HOW TO COMPLETE THIS TASK:
Everything in the listing below must be reproduced exactly, apart from its images.

GIVEN DATA:

Segment Open

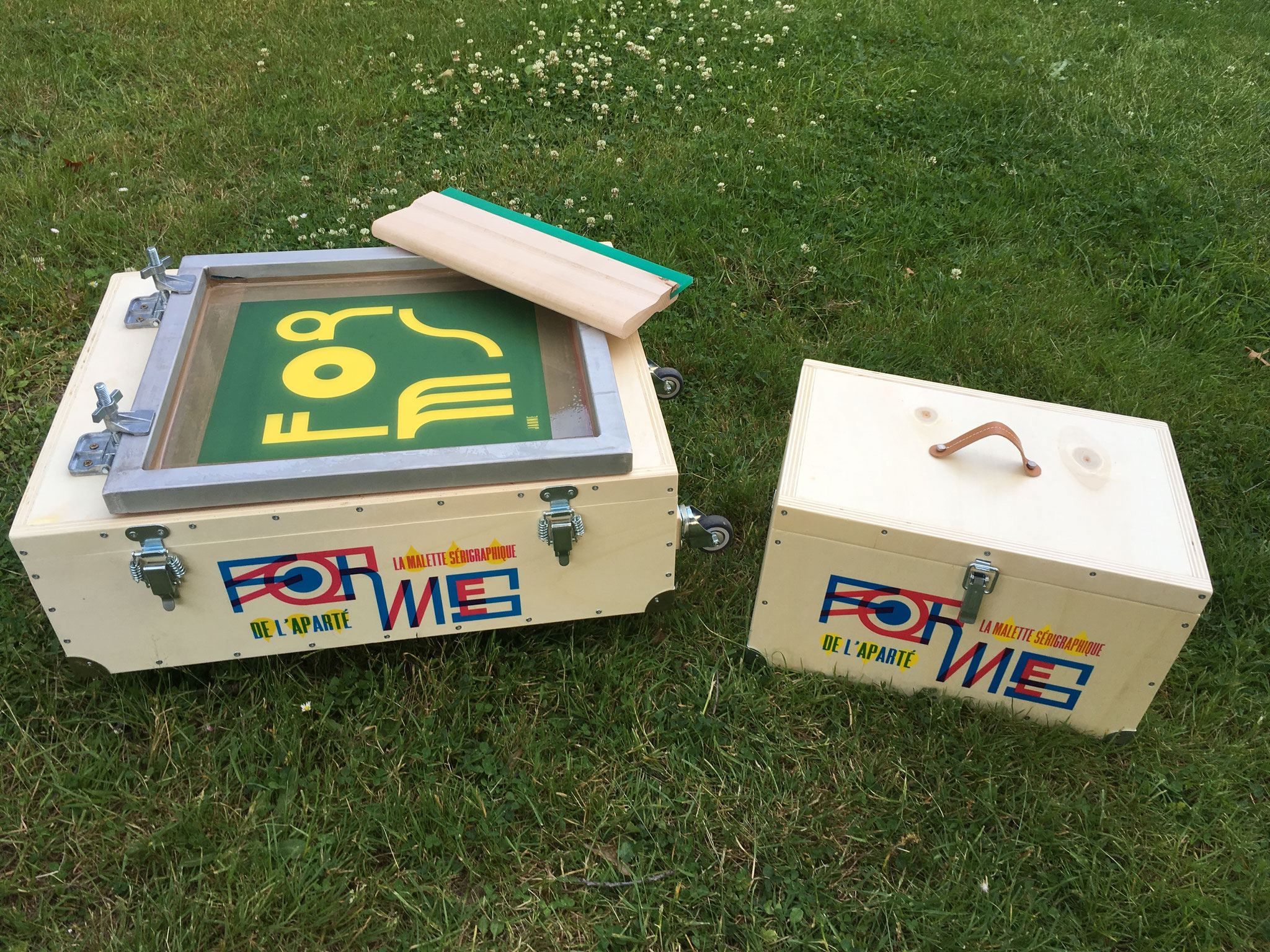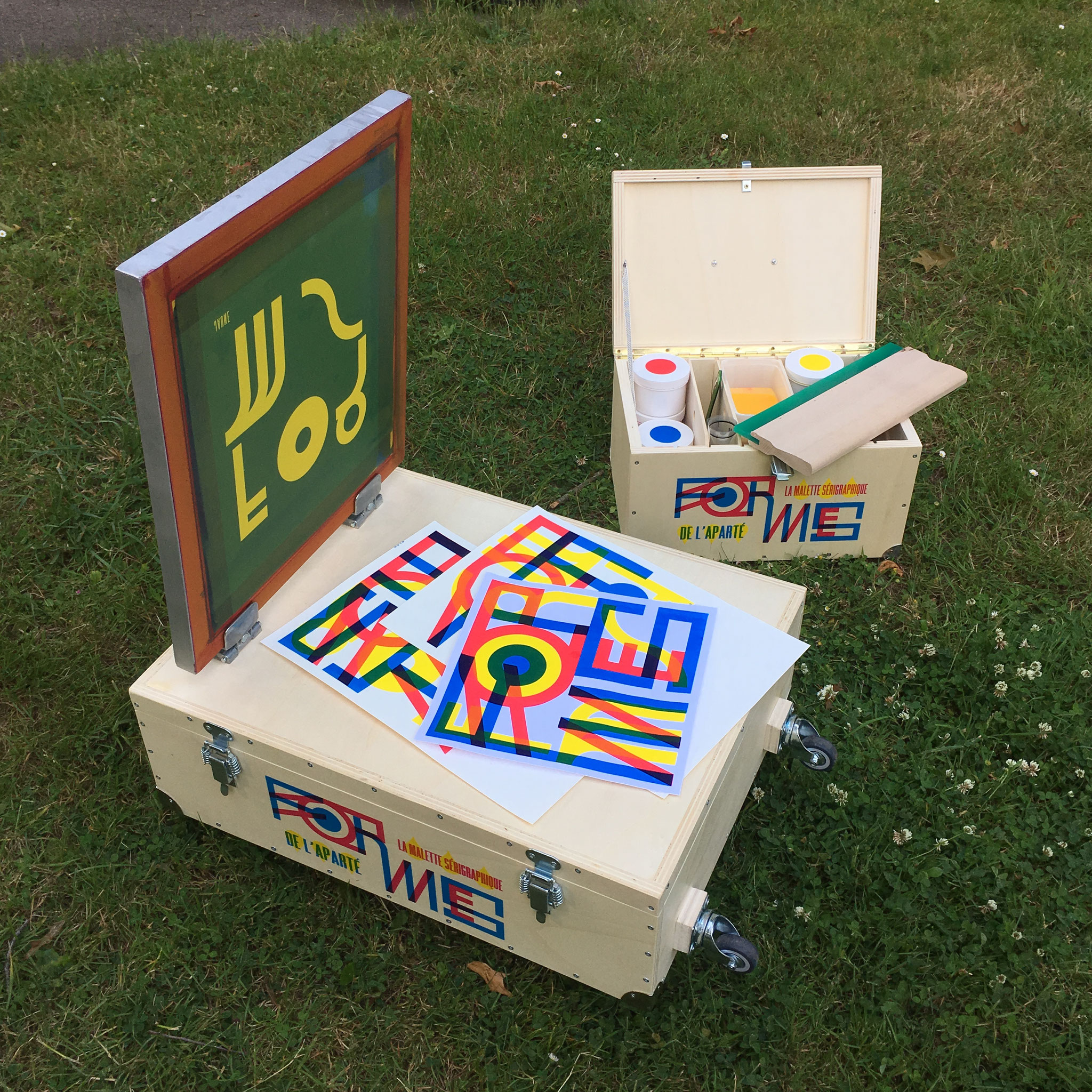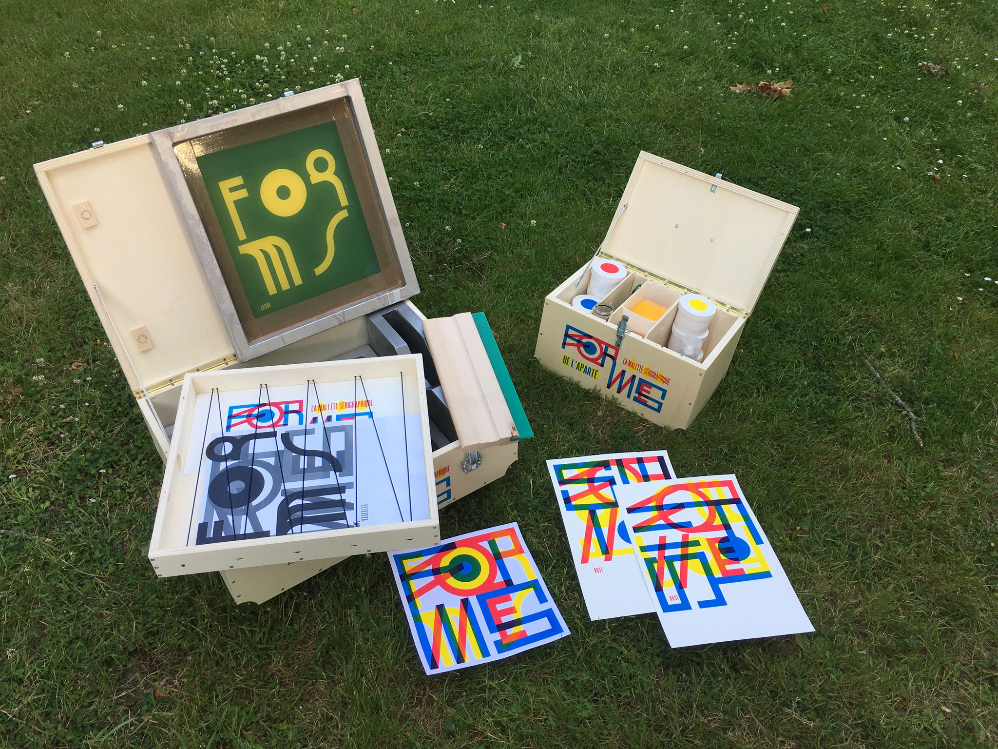 Composé de deux mallettes, trois écrans et de tout le matériel nécessaire pour l'impression, ce kit a vocation à faire découvrir au jeune public les joies de l'impression, autour d'une création graphique modulable "Formes & Couleurs".
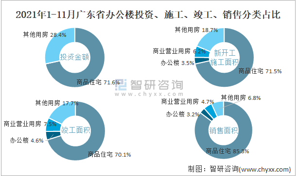 根據(jù)國(guó)家統(tǒng)計(jì)局?jǐn)?shù)據(jù)統(tǒng)計(jì)可知:2021年1-11月廣東省房地產(chǎn)開(kāi)發(fā)企業(yè)在包括辦公樓在內(nèi)的其他用房投資金額占比為28.4%(注:只有投資金額中其他用房包含辦公樓、商業(yè)營(yíng)業(yè)用房),辦公樓的新開(kāi)工面積與竣工面積所占比重差異不大,從銷售面積來(lái)看,辦公樓銷售面積占比少于商業(yè)營(yíng)業(yè)用房銷售面積占比。
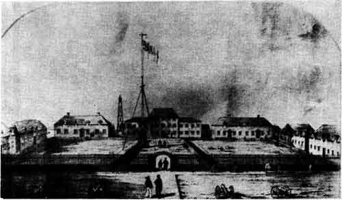 York Factory in 1853. The central building, in the form of an open square, is the only one that remains.
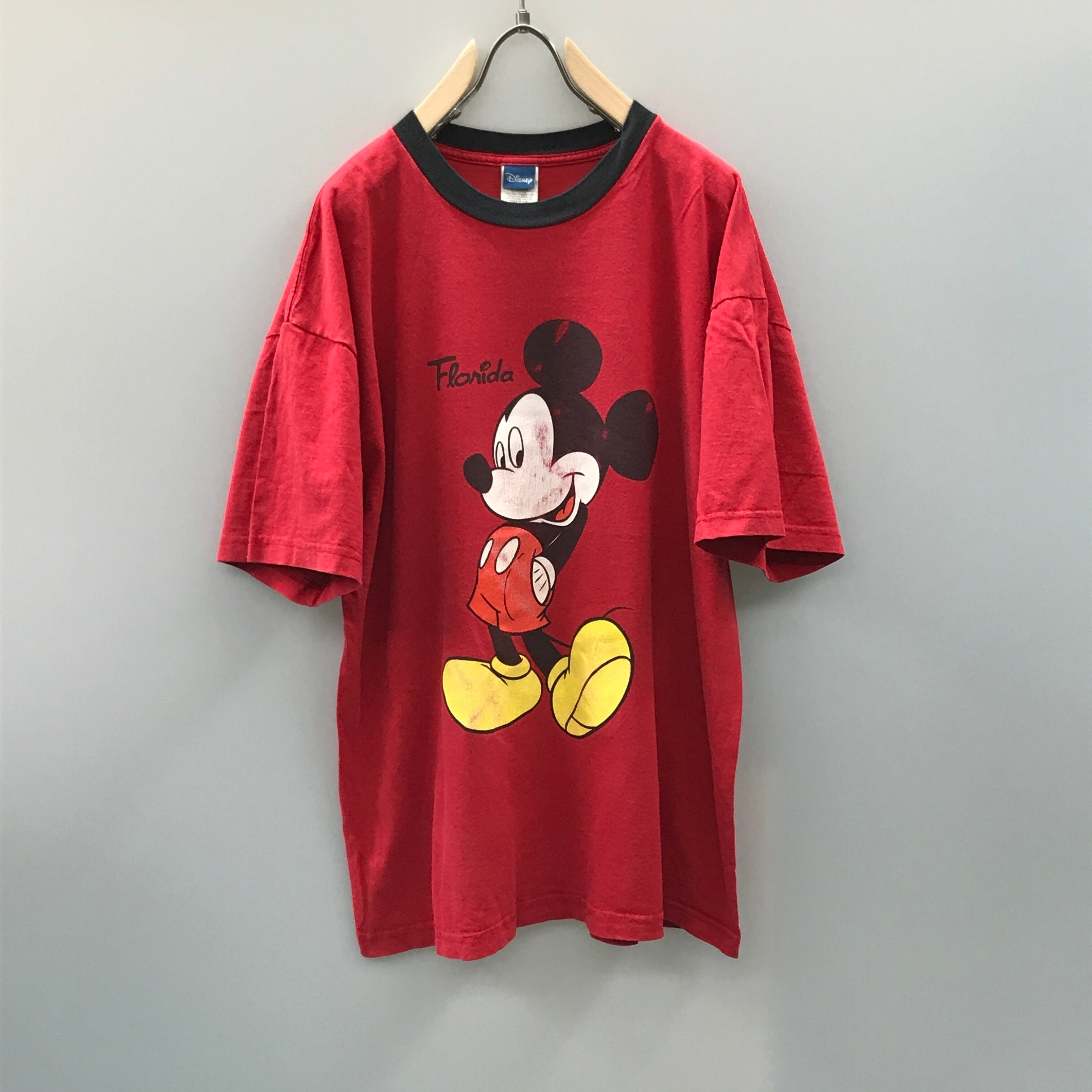 XL ブラックトリム Frorida Mickey Mouse ミッキーマウス プリントT レッド Disney

Segment Closed

EXERCISE RESPONSE:
 Composé de deux mallettes, trois écrans et de tout le matériel nécessaire pour l'impression, ce kit a vocation à faire découvrir au jeune public les joies de l'impression, autour d'une création graphique modulable "Formes & Couleurs".
 根據(jù)國(guó)家統(tǒng)計(jì)局?jǐn)?shù)據(jù)統(tǒng)計(jì)可知:2021年1-11月廣東省房地產(chǎn)開(kāi)發(fā)企業(yè)在包括辦公樓在內(nèi)的其他用房投資金額占比為28.4%(注:只有投資金額中其他用房包含辦公樓、商業(yè)營(yíng)業(yè)用房),辦公樓的新開(kāi)工面積與竣工面積所占比重差異不大,從銷售面積來(lái)看,辦公樓銷售面積占比少于商業(yè)營(yíng)業(yè)用房銷售面積占比。
 York Factory in 1853. The central building, in the form of an open square, is the only one that remains.
 XL ブラックトリム Frorida Mickey Mouse ミッキーマウス プリントT レッド Disney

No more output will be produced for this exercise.